Ive got to the point where if i find something that works i'll stick with it rather than waste money on countless products i use once and think "thats $#1t" and now reside in the garage and get given away at random to various friends and family members.... (depending on who has p155ed me off in the past depends on what they get) Megs three stage went to my cousin (all that work for the wax to only live for about 2 weeks) :devil:


----------



## Strothow (Oct 29, 2009)

edsel said:


> Im not a lover of AG products. I hate the white residue left by AG polishes. Products like dressings and cleaners in small bottles are poor value. Spend £8 on a bottle of AG tyre dressing then compare coverage/longetivity to a bottle of megs endurance at almost twice the price.Same with interior products.
> Personally I would never pay full retail for AG.


As bigmc said, user error, i don't get white residue everywhere, SRP is one of their best, if not their best product!


----------



## andy monty (Dec 29, 2007)

Strothow said:


> As bigmc said, user error, i don't get white residue everywhere, SRP is one of their best, if not their best product!


im itching to order a 5ltr trade can of their new Radiant wax polish along with Acid free wheel cleaner and fast lube and shine

:buffer:


----------



## -Raven- (Aug 26, 2010)

andy monty said:


> see post 4 done by dave kg from here: (its on here too somewhere)
> 
> http://www.autopia.org/forum/guide-detailing/77859-**-test-swirl-removal-hand-**.html


Yes, one person does a test and then it's gospel. Sheep will follow. I get the point. People love it and that's OK.

We now have people on here saying avoid avoid the Megs MF system because Russ removed more clearcoat on his car than wet sanding.


----------



## bigmc (Mar 22, 2010)

edsel said:


> Funny how I dont have problems with other products. I dont have any vested interests either, I'm afraid.


Funnt how people who use it correctly have no white dust though?


----------



## tarbyonline (May 23, 2009)

SRP is great, especially if in a hurry and applying by hand. Infact its the product that got me in to the whole car care scene! Residue comes off plastic easily with a quick application of fast glass (IRC it tells you this on the back of the bottle), or you could just tape it up as you would if using a polisher. Not had much in the way of dust problems myself.

I also use

Fast Glass (use this in the house as well)
Vinyl and Rubber Care
Bumper Care
Glass Polish
Odour Eliminator (use this in the house as well)
Leather cleaner (and on my leather shoes)
Foaming tyre dressing (though prefer Armor All as a shop available product)
Paint renovator (stronger than it looks)
Bodywork shampoo and conditioner

Yes there are better more specialist products out there, but for those of us on more of a budget than some it is a range hard to beat IMHO - particularly with the availability in Halfrauds, B&Q, the Garage, etc. Of course I supplement my AG products with others like FK1000, Menzerna Polish, BH Autoclay where I think my money goes further.

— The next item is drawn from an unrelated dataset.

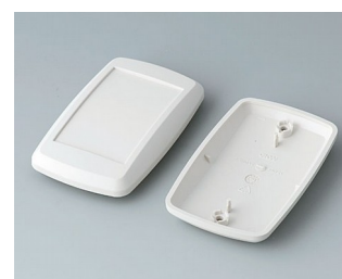
B9006807 Partie inférieure et supérieure EL ABS (UL 94 HB) gris blanc RAL 9002 78x48x20mm

I found the interior shampoo less effective than the "Whizz" foam from poundland (which is my prefered choice btw), and to me the screenwash and deicer look very expensive but never tryed them so cant really comment.


----------



## MarkSmith (Dec 17, 2010)

I still use many AG products and love them in amongst my other products. SRP is superb IMO, HD Wax is Brilliant. I also love the trade rubber cleaner and the glass polish. Vinyl & Rubber is great and very useful for many things - ie plastics dressing and diluted with water for a spray on polish that I use on door shuts ( diluted 1:9 ).

Also really like Autogloss Rinse, Aqua Wax and Clean All


----------



## Brooklands (Jun 12, 2010)

I really rate the following AG products,

SRP - never had a dusty problem
Glass polish - cracking stuff
Bumper care gel
Vinyl and rubber care spray 
Shampoo


----------



## tarbyonline (May 23, 2009)

MarkSmith said:


> . Vinyl & Rubber is great and very useful for many things - ie plastics dressing and diluted with water for a spray on polish that I use on door shuts ( diluted 1:9 ).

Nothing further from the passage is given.